With new oil and natural gas reserves being developed in ever-deeper waters, capital spending over the next five years for subsea hardware is expected to jump by almost one-quarter compared with the last five years, energy consultant Douglas-Westwood reported on Tuesday.

The UK-based firm's first World Subsea Hardware Market Report forecasts 23% growth in capital expenditures (capex) over 2011-2015, with $139 billion expected to be spent worldwide.

"This study highlights the astonishing technical capability that exists within the subsea sector and puts into perspective just how capital-intensive oil and gas extraction now is for upstream [exploration and production] players," said Douglas-Westwood Director Steve Robertson.

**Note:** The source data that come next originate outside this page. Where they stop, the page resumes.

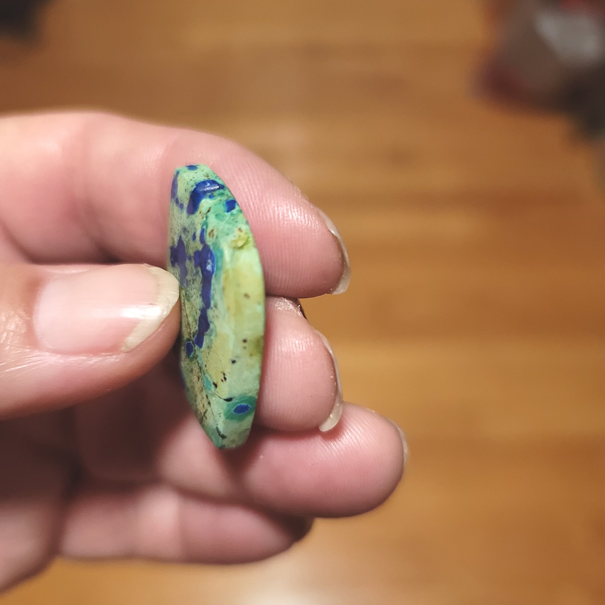 Each Arizona Morenci Azurite in Matrix cabochon is a testament to the rugged beauty of the American Southwest. Sourced from the legendary Morenci mining district, these stones feature vibrant azurite veins set in a naturally weathered matrix of light beige, white, or cream-colored rock—often composed of secondary iron and manganese oxides or kaolinite.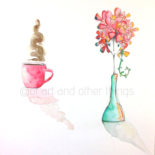 I’ve been working on a commission with a coffee theme so I have been doing some sketching and painting using different techniques. I love it when someone asks me to make art for them! Thank you thank you thank you! 🙂 I just can’t throw something together so the commissions take time as I find a drawing that really feels just right for that person. I don’t want to paint as soon as I am done drawing because I need to figure out first how I want it to look with paint: do I use watercolour, pencil and shading, acrylic, do I leave a bunch of white space or use paint to fill those areas? Eesh. I do think of these things as I am sketching as well. It’s a lot for me to think about because I want the piece to feel just right when I send it out.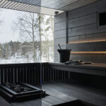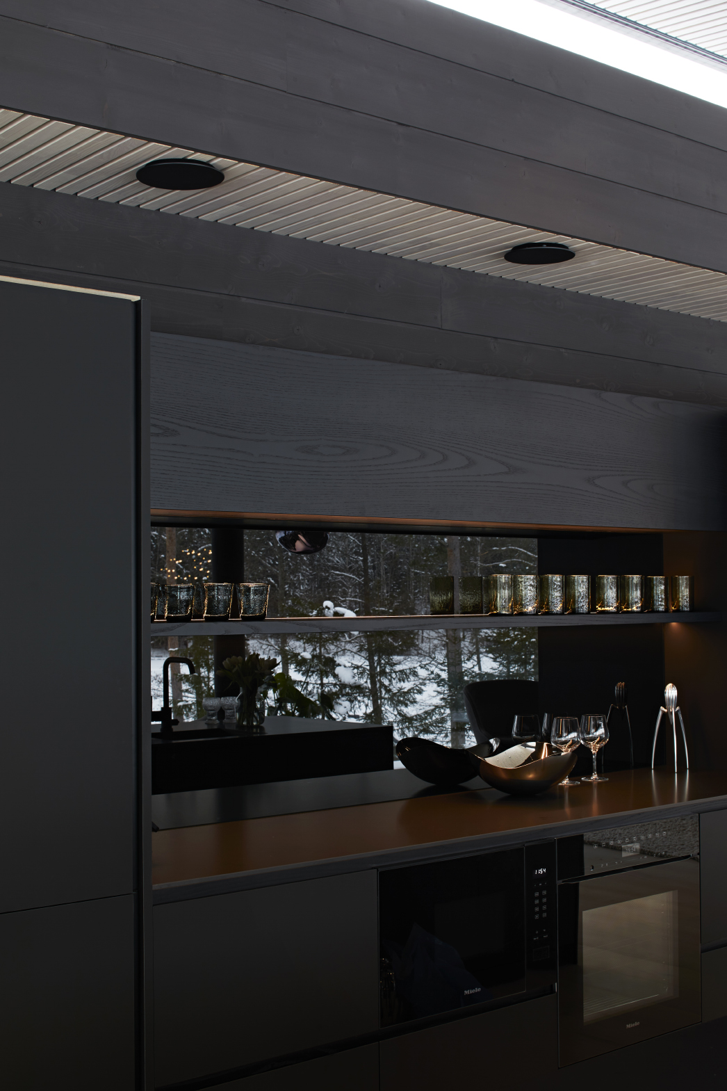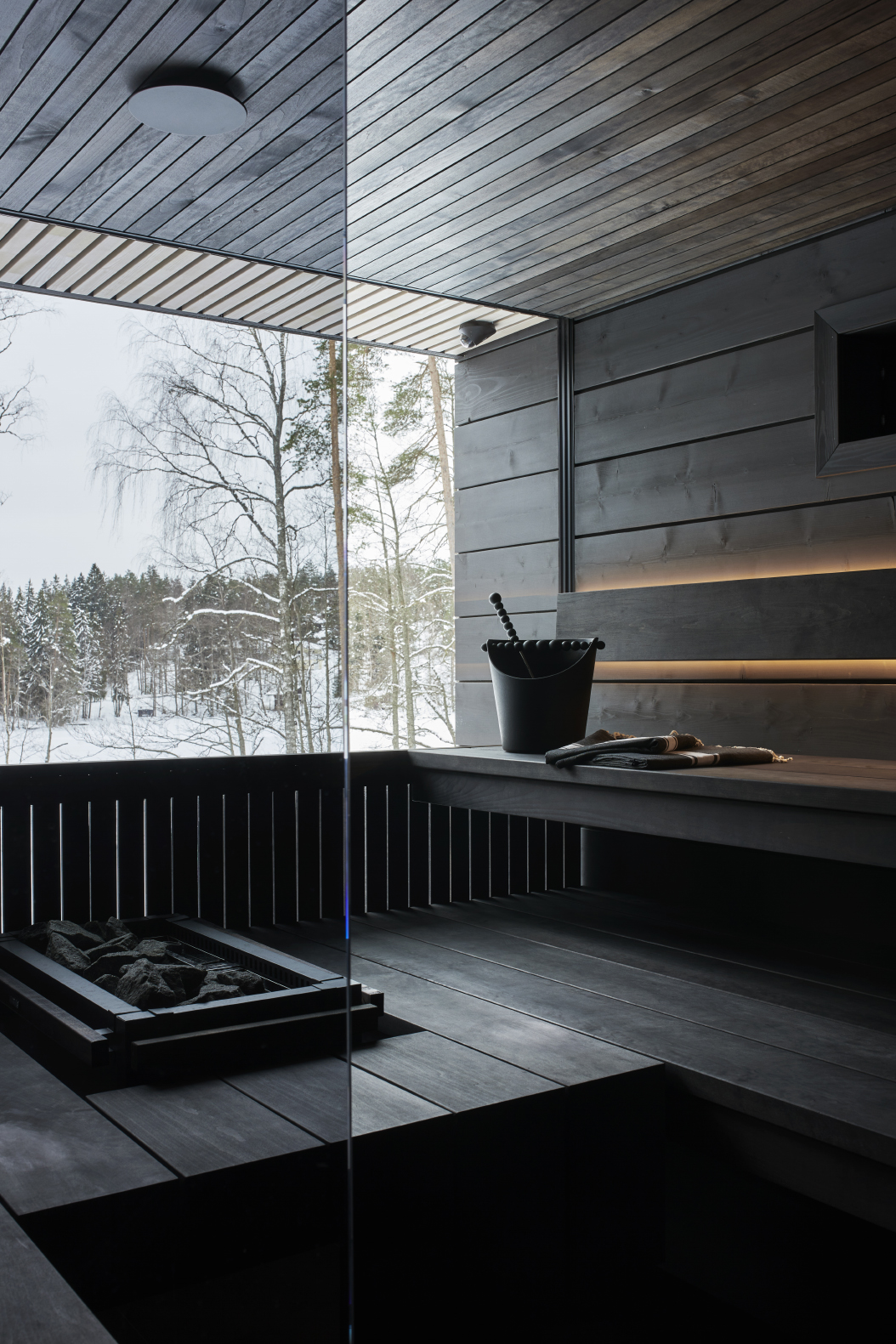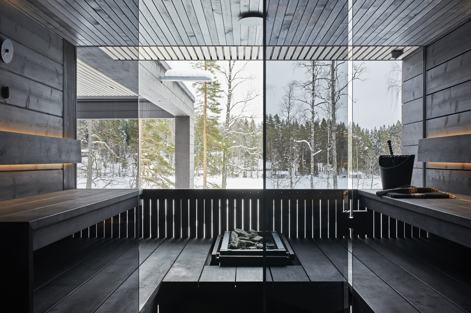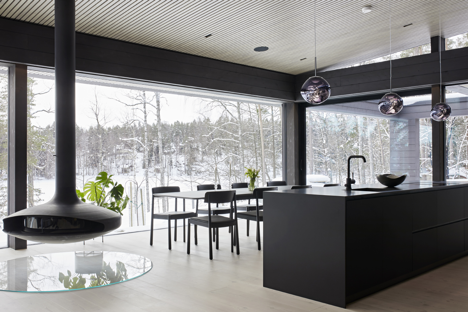 The interior of the house was designed by interior architect Antti-Jussi Silvennoinen from Franz Desing Oy, and the architect of the house is Seppo Mäntylä. A minimalist style that reflects its owner was sought after. Huge windows spanning from the ceiling down to the floor bring the serenity of the surrounding forest into the house. The seamless connection to nature can also be seen in the material choices of the interior. Matching-tone wood has been used on both the floor and in the ceiling, and all surfaces are ceramic.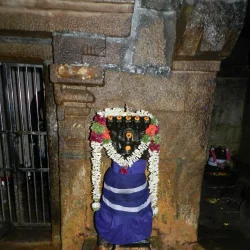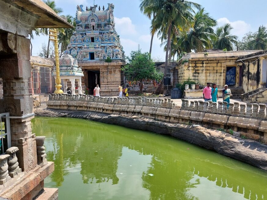 பெரிய மண்டபத்தைக் கடந்து சென்றால் துவாரபாலகர்கள் காணப்படுகிறார்கள். உள்ளே கொடிரம், பலிபீடம், நந்திவிக்ரகம் ஆகியவை காணப்படுகின்றன. அங்கே சென்றால் முதலில் காணப்படுவது “ஓம்| என்னும் வடிவில் அமைந்துள்ள பு~;கரணி. இது ஒரு சுனைநீர் ஆகும். இதிலிருந்து சுவாமிக்கு அபிN~கத்திற்கு தீர்த்தம் எடுக்கப்படுகிறது.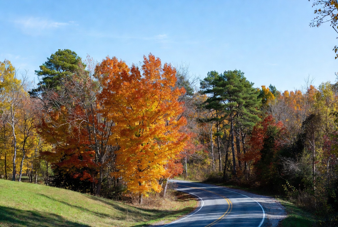 autumn colors, blue sky, colorful leaves, curvy road, fall foliage, fall trees, forest, grassy hill, landscape, nature, orange leaves, paved road, pine trees, red leaves, scenic road, sunny day, trees, winding road, woods, yellow leaves, autumn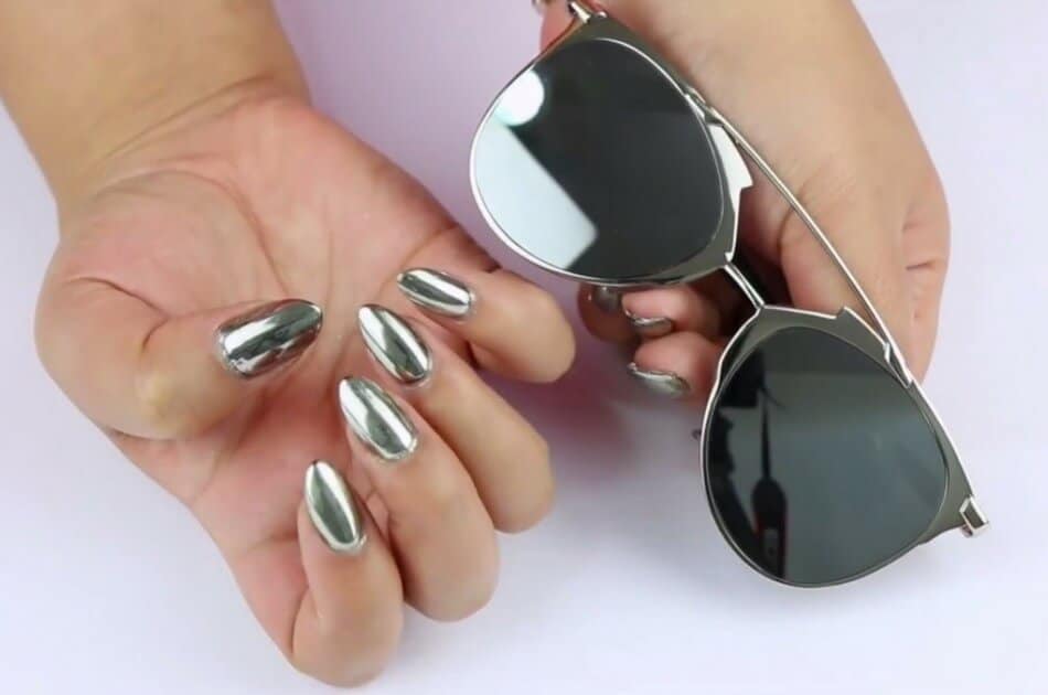 Существует пудра с оттенками серебра (ярко выраженный глянцевый эффект), перламутра, а также с хромовым блеском (приглушенный металлик). Выбирают более подходящий вариант для конкретного случая.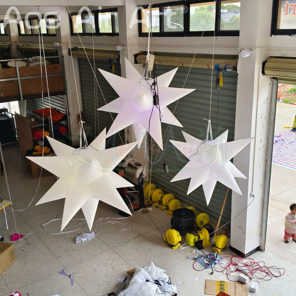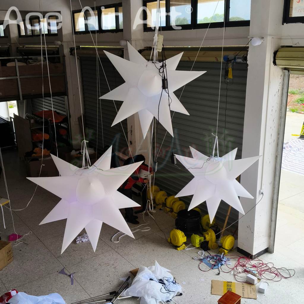 Inflatable white stars x 3 with led lights CE/UL standard Air blower Storage bag Led light system and remote controller |

"The technology that is being deployed is unlocking reserves that would previously have been impossible to access, but at a price, and as a result our study shows the sector has become a very sizable opportunity for the oilfield service and equipment community."

The "Golden Triangle," which consists of the Gulf of Mexico and offshore West Africa and Brazil, "will make up over 60% of global subsea production, SURF [subsea, umbilicals, risers and flowlines] and processing hardware expenditure over the forecast period," said the authors. "Africa will remain the largest market for upstream hardware; however, looking beyond the forecast period Latin America with Brazil's developments in the presalt Santos Basin could surpass African expenditure.

"North American spend will remain important, but is likely to see much less growth than Africa and Latin America, while North Sea activity is forecast for a slight decline in spend. These growth rates reflect the relative maturity of the regions. In addition, Asia and 'Australasia' present sizeable markets."

Spending for hardware to operate in the deepwater is expected to account for more than half of the total market spend in the next five years "and illustrates the increasing importance of deepwater reserves for the industry," the report said.

Development "is being driven by the challenges involved in accessing new reserves," said the authors. "Fields are being developed in deeper waters, from increasingly remote locations and in extreme 'metocean' conditions." Metocean, an abbreviation of "meteorology" and "oceanography," is used by the offshore industry to describe the physical environment near facilities, such as offshore platforms.

"Smaller, more widely scattered reserves, which were in the past uneconomic or too technologically challenging to develop, are now benefiting from higher oil prices and more advanced subsea hardware solutions," the report said. "Subsea developments continue to account for an ever increasing-share of offshore activity."

Higher oil prices also are driving drillers to look for reserves, said the authors.

"The economic downturn did undoubtedly hit some subsea projects, due to their relative complexity and the associated costs, with most operators using conservative hurdle rates to determine levels of investment. We have witnessed some moderation and reversal of the cost inflation that occurred in the years leading up to 2008."

Spending to build subsea pipelines will account for more than half of all subsea capex over the coming five years, according to Douglas-Westwood.

"Eastern Europe and the Former Soviet Union, Asia and the Middle East are expected to account for 78% of all pipeline expenditure," said Douglas-Westwood analyst Ian Jones. "This huge market is characterized by a number of multi-billion-dollar projects which are expected over the next five years -- albeit this is dependent upon various political and economical factors, which are likely to be dynamic."